My first ever coppa removal.








All rubbed up and ready for the vacuum bag.






Vac sealed and into the fridge.







According to the calculator they used for time to cure Here it came to 5.56 days at 3" and tubular shaped. They recommend to add 20% so that brings it to 6.68 days. I think rounding up to 7 days should be no problem. Maybe a bit longer would be ok as it's an equilibrium cure? The week actually works out so I can wrap it up next weekend, but I suppose I could do it any day during the week.

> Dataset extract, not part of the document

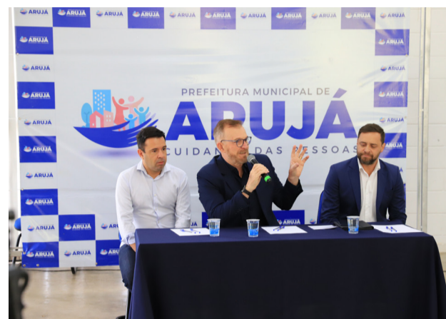
Plano de trabalho do hospital foi apresentado em abril

Ainda na área escolar, nesta semana Camargo participou da cerimônia de lançamento da pedra fundamental, que marca o começo da construção da primeira escola estadual em tempo integral da cidade, no bairro Jardim Emília. A nova unidade será construída

Once it's done in the vac seal, I bought the sausage makers dry age sheets so that's the plan for now. BTW, them suckers ain't cheap. Had I known I was only getting 2 sheets and the netting for $25 this may have never happened. I figured there were a few more than that, but I was probably drunk driving around on Amazon when I bought them.

Thanks for looking!


----------



## chopsaw (Jul 30, 2022)

I have one that's almost at target weight . 
I always use 14 days cure time for these types of things . I'm doing mine in a Umai bag . 
Been in the fridge since 6/25 . Was in the cure 6/10 to 6/14 .


----------



## Sven Svensson (Jul 30, 2022)

We’ll be cheering you on! Looks good to start. Now comes the patience part.


----------



## indaswamp (Jul 30, 2022)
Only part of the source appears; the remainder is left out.